不是比喻。是真的听见——那个从走廊里传来的、像心跳一样规律的声响,此刻近在咫尺,震得耳膜微微发麻。
房间很大。比他想象的更大。
天花板很高,四壁是深灰色的金属材质,地面上铺着某种能吸收脚步声的软质材料。正中央是一个巨大的圆柱形装置,从地面一直延伸到天花板,表面布满复杂的能量回路纹路,此刻正泛着幽蓝色的微光。
那个心跳声,就是从装置内部传出来的。
咚。咚。咚。
每一声都像敲在胸腔里。
苏明晏看着那个装置,忽然觉得有点眼熟。
然后他想起来了——在罗小飞的波形图里,在沈星海的笔记描述里,在他们所有人讨论过无数遍的那个词里。
“心脏。”
“你们叫它这个名字?”老人的声音从旁边传来。
苏明晏转过头。
苏远山已经走到房间一侧的休息区,在一张老旧的藤椅上坐下。那根琥珀手杖靠在椅边,顶端在蓝光里泛着温润的光。
他比苏明晏记忆中老得多。
上次见面是八年前,祖父还能站着和他说话,腰背挺直,目光锐利得让人不敢直视。现在他坐在那里,整个人像缩了水,皮肤松弛地挂在骨架上,但那双眼睛——
那双眼睛没有变。
依然是深不见底的古井,依然是那种平静得像在看标本的目光。
“过来坐。”苏远山说,指了指对面的椅子。
苏明晏没有动。
穆玖站在他身侧,安静得像一块石头。她的目光扫过整个房间,没有放过任何一个细节——那个“心脏”装置,墙角的控制台,天花板上的通风口,以及房间另一侧那扇半掩的门。
苏远山看了她一眼。
“你就是穆玖?”
穆玖没有回答。
“你哥哥穆林,”苏远山继续说,“我见过他一次。”
穆玖的目光终于落在他脸上。
“什么时候?”
“他进实验舱的前三天。”苏远山的声音很平淡,像在说一件小事,“他来找我,问了我一个问题。”
“什么问题?”
苏远山没有立刻回答。他转过头,看着那个巨大的“心脏”装置。
“他问:苏爷爷,如果一个人知道自己在做的事会失败,他还应该做吗?”
穆玖的手指微微收紧。
苏明晏愣了一下。
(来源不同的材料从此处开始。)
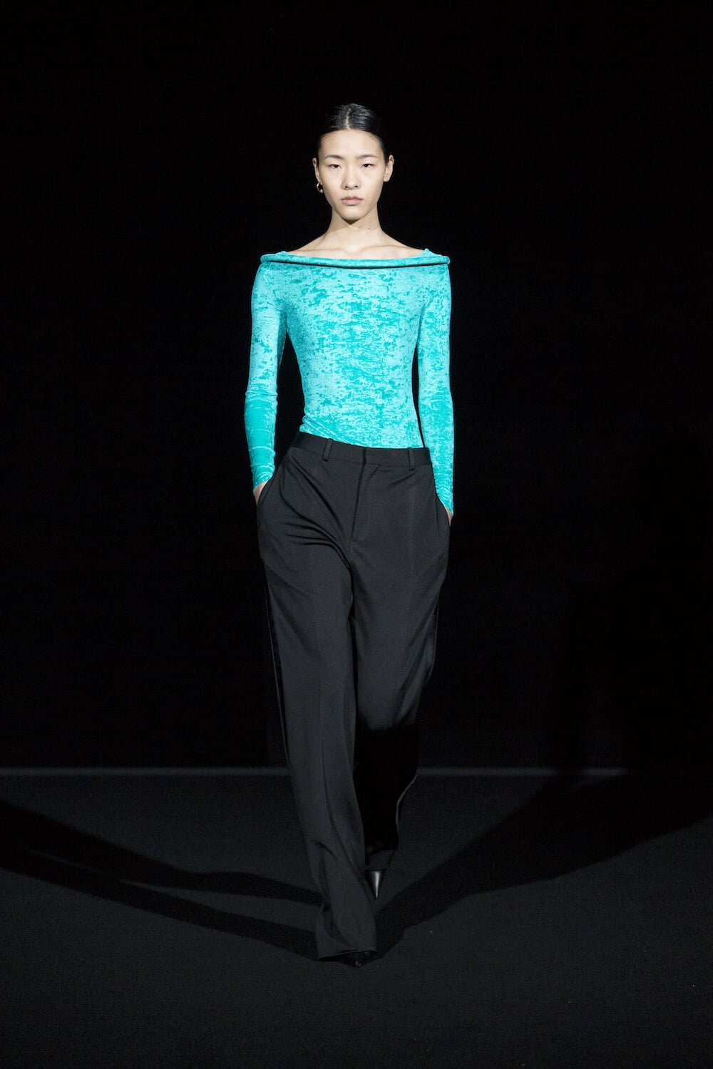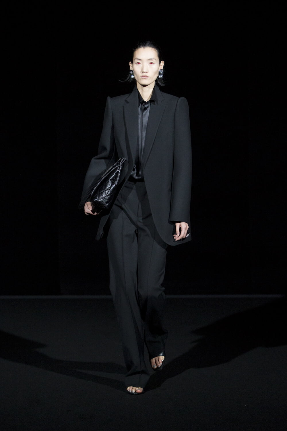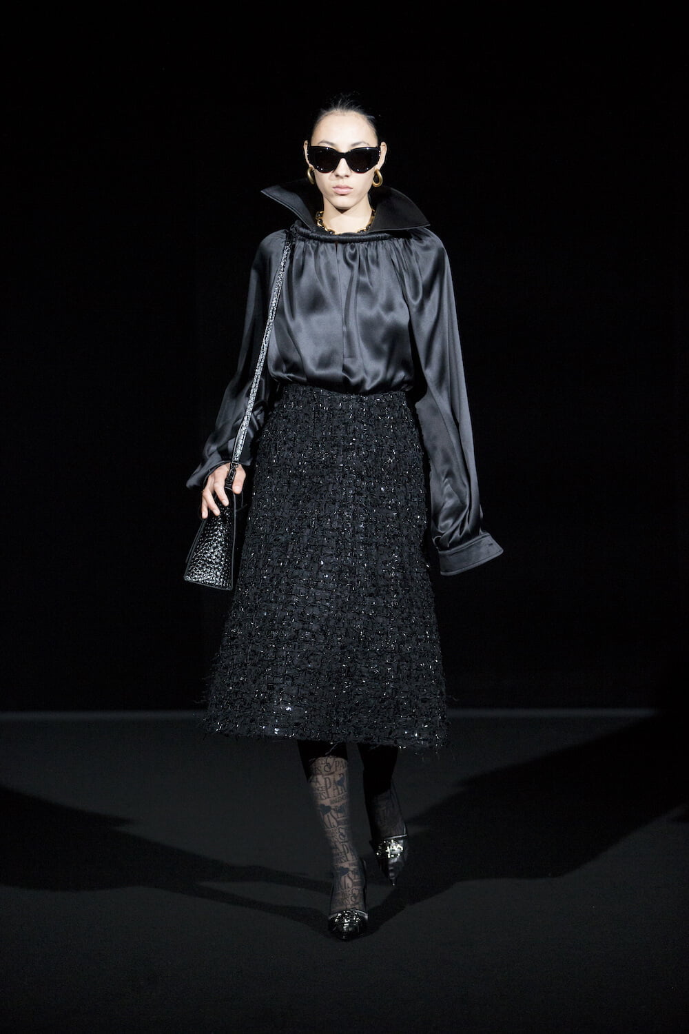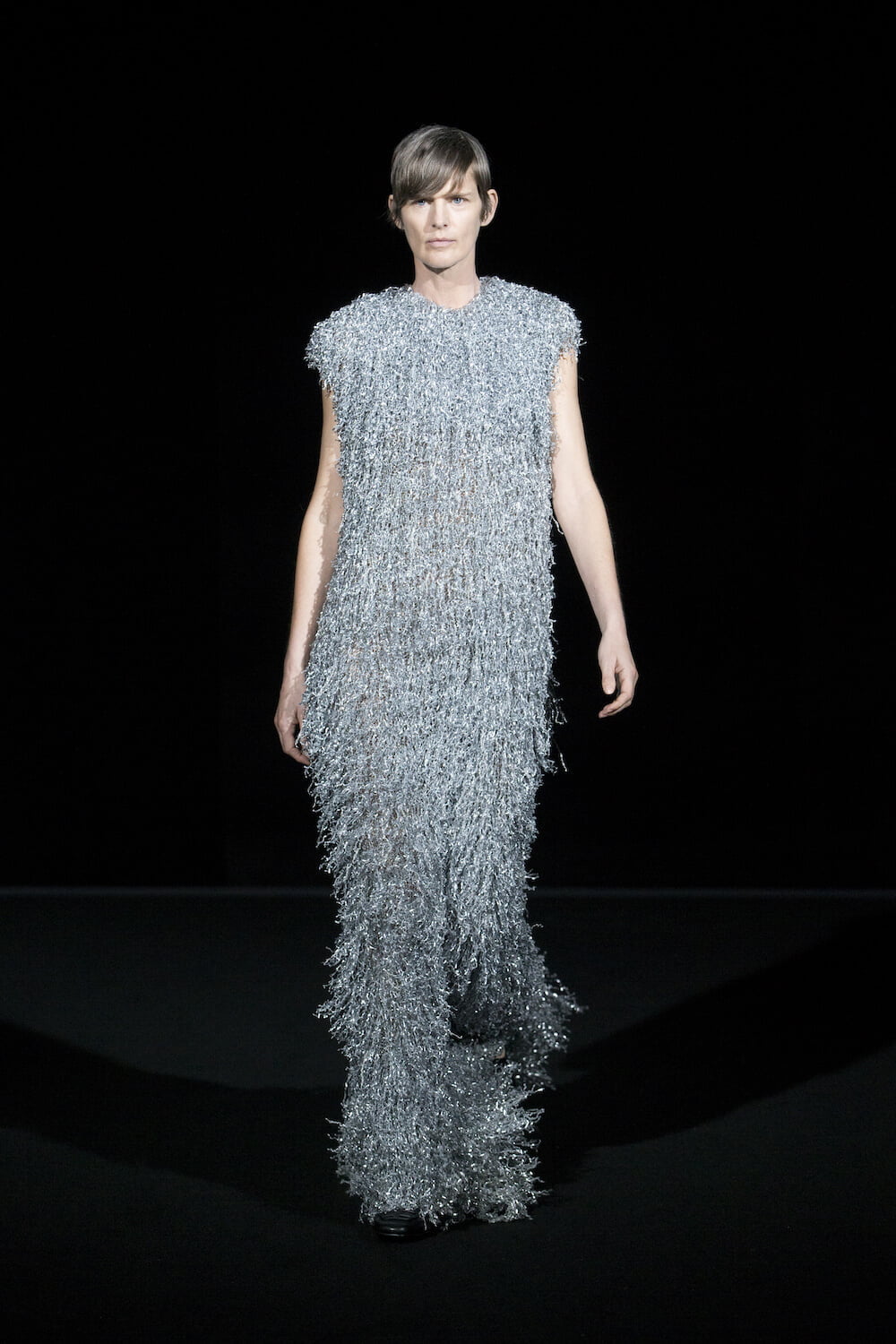 A blouse which fell to the floor at the front was tucked into sharp-cut trousers at the back for a modern take on cocktail dressing. The precision of the cuts, the decisiveness of the line, the power of the shoulders made for a show that felt as shoppable as it was definitive. The show’s dim lights weren’t to everyone’s tastes. One esteemed critic was heard booing. No, we couldn’t see the decoration, but we could see the silhouette. Perhaps that was the point.

这个问题的措辞,和沈牧之说过的那个——穆林问沈院长的那个——几乎一样。
“你怎么回答的?”穆玖的声音很稳。
苏远山沉默了几秒。
“我说:做不做是你的事。但别指望别人记住。”
这句话像一把钝刀,割在空气里。
穆玖没有说话。
苏明晏看着她,发现她的表情没有任何变化,但垂在身侧的手握成了拳。
“他听完就走了。”苏远山继续说,“走之前留了一句话。”
“什么话?”
“他说:那我自己记住就行。”
穆玖闭上眼睛,深吸一口气,然后睁开。
苏明晏想说什么,却不知道该说什么。
苏远山看着这对年轻人,目光里终于有了一点不一样的东西——不是好奇,不是同情,只是某种……遥远的、像是隔着玻璃看的兴趣。
“你恨我?”他问苏明晏。
苏明晏的眉头皱起来。
“我不知道。”他说,声音有点涩,“我来就是想问清楚——当年的事,你参与了多少?沈星海的死,和你有没有关系?那根手杖,你是怎么拿到的?”
苏远山听着这一连串问题,脸上没有任何波动。
“这么多问题,”他说,“你想先听哪个?”
苏明晏深吸一口气。
“从头说。”
苏远山看着他,沉默了很久。
久到苏明晏以为他不会回答了。
然后老人开口了。
“你知不知道,这间疗养院下面是什么?”
苏明晏愣了一下。
苏远山没有等他回答,自己说了下去:
“是‘永恒琥珀计划’的原始实验基地遗址。”
“四十年前,我和沈星河、沈星海兄弟一起,站在这里,看着那个装置——”
他指向房间中央那个巨大的、正在跳动的“心脏”。
“——从沉睡中醒来。”
穆玖的目光一凝。
“四十年前它就存在了?”
“存在。”苏远山点头,“它不是人类建造的。是‘观测者’留下的。”
“观测者”这三个字,像一块石头投入静水。
苏明晏张了张嘴:“你是说……这个‘心脏’,是外星文明留下的?”
“你叫他们外星文明?”苏远山的嘴角动了动,像是想笑,“也行。反正比‘观测者’好记。”
他靠在藤椅上,目光变得悠远。
“四十年前,沈星河主持‘永恒琥珀计划’,名义上是研究古代能量符号,实际上是研究这个——‘观测者’留下的能量核心。它在地下深处沉睡了几千年,被我们挖出来的时候,还在‘呼吸’。”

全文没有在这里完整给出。